Philippe Alcoy
Source: Révolution Permanente
Voici la troisième et dernière partie de notre
analyse sur les mobilisations populaires et les crises politiques qui se
sont développées en Europe de l’Est ces dernières années dans un
contexte de crise capitaliste. Après avoir abordé dans les parties
précédentes le contexte dans lequel ces explosions sociales et crises politiques se produisent, ce que cela implique pour le discours des capitalistes au niveau mondial ainsi que les limites de ces mouvements, nous avançons ici quelques pistes programmatiques pour essayer de dépasser ces difficultés.
Penser les voies du passage de la « restauration » vers la « transition »

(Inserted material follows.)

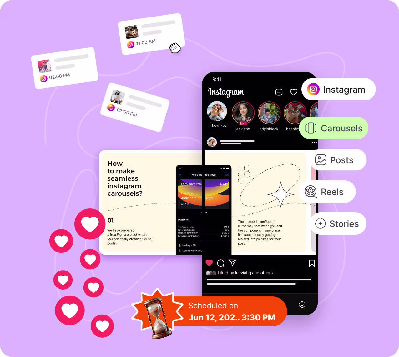 Schedule carousel posts at optimal times to increase reach and encourage your audience to view every slide.

La question de défendre un programme de classe,
indépendant des classes dominantes locales et des impérialistes, est
fondamentale. Surtout dans cette région où vers la fin des années 1980
plusieurs pays ont connu une série d’importantes luttes ouvrières contre
les bureaucraties staliniennes incapables de résoudre la crise
économique et sociale qui traversait l’ensemble du « bloc socialiste ».
Les révoltes populaires dans plusieurs pays ont réussi à renverser les vieux régimes staliniens mais ont été capitalisées et déviées par différentes variantes politiques bourgeoises et restaurationnistes.
Précisément, la pression de la classe ouvrière est l’un des facteurs
qui a conduit, au début des années 1990, une partie de la bureaucratie
stalinienne à adopter la voie de la restauration capitaliste.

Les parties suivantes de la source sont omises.